From the first line to the last, output the data exactly as it stands, minus its pictures.

- [Information provided]:
------------------------------------------------

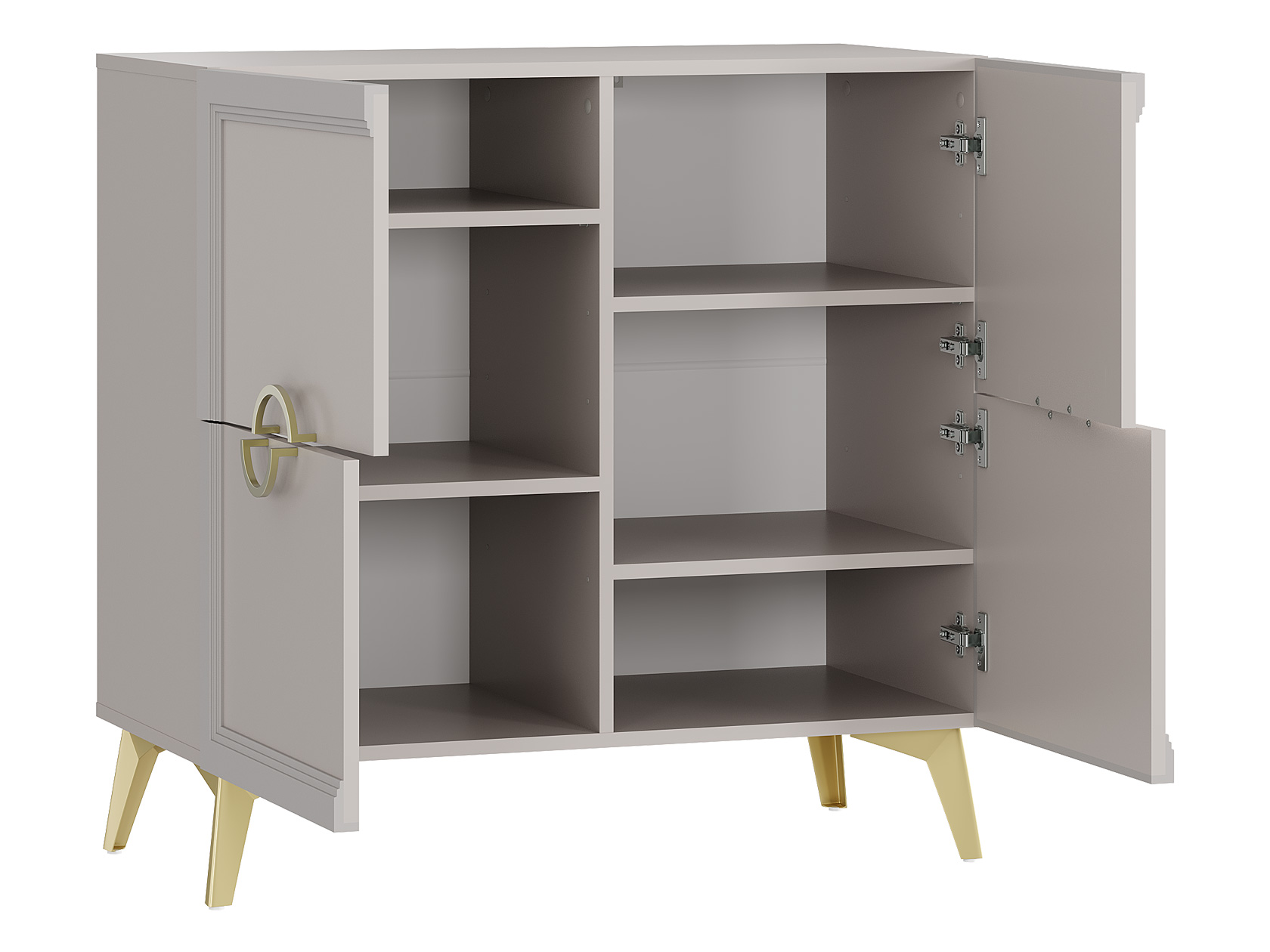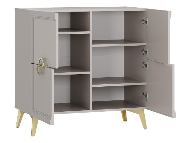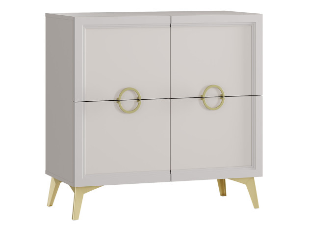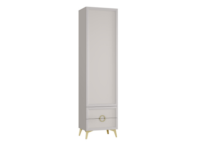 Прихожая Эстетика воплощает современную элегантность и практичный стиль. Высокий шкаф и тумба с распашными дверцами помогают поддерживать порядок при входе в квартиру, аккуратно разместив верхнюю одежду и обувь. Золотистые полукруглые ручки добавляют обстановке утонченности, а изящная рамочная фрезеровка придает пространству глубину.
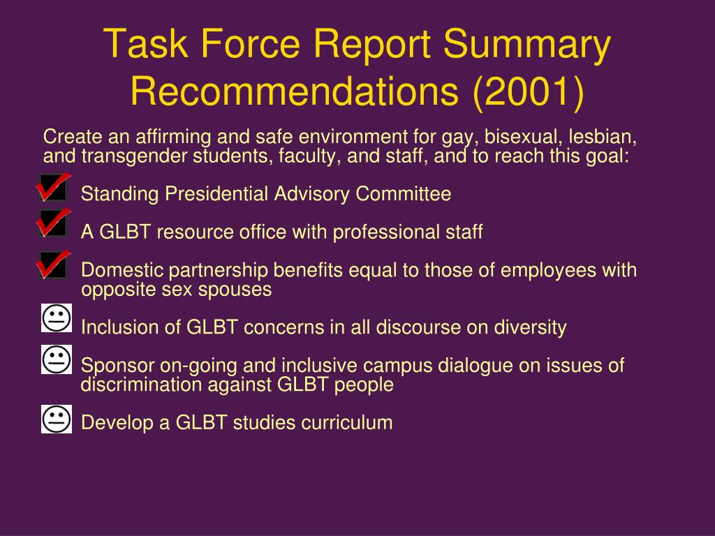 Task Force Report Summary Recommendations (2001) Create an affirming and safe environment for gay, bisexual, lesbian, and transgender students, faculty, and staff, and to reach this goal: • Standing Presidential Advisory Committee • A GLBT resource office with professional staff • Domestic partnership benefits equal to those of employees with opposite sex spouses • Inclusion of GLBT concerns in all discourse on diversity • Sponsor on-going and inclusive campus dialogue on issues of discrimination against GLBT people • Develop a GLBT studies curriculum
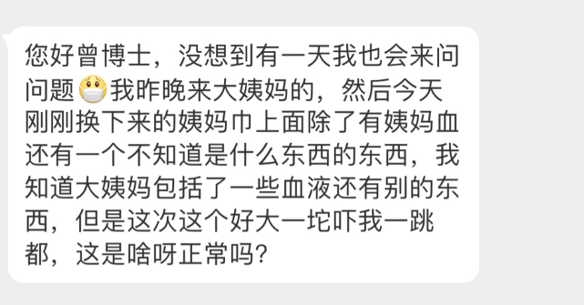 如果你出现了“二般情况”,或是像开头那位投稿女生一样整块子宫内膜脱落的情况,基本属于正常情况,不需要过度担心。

------------------------------------------------

- [Expected answer]:
 Прихожая Эстетика воплощает современную элегантность и практичный стиль. Высокий шкаф и тумба с распашными дверцами помогают поддерживать порядок при входе в квартиру, аккуратно разместив верхнюю одежду и обувь. Золотистые полукруглые ручки добавляют обстановке утонченности, а изящная рамочная фрезеровка придает пространству глубину.
 Task Force Report Summary Recommendations (2001) Create an affirming and safe environment for gay, bisexual, lesbian, and transgender students, faculty, and staff, and to reach this goal: • Standing Presidential Advisory Committee • A GLBT resource office with professional staff • Domestic partnership benefits equal to those of employees with opposite sex spouses • Inclusion of GLBT concerns in all discourse on diversity • Sponsor on-going and inclusive campus dialogue on issues of discrimination against GLBT people • Develop a GLBT studies curriculum
 如果你出现了“二般情况”,或是像开头那位投稿女生一样整块子宫内膜脱落的情况,基本属于正常情况,不需要过度担心。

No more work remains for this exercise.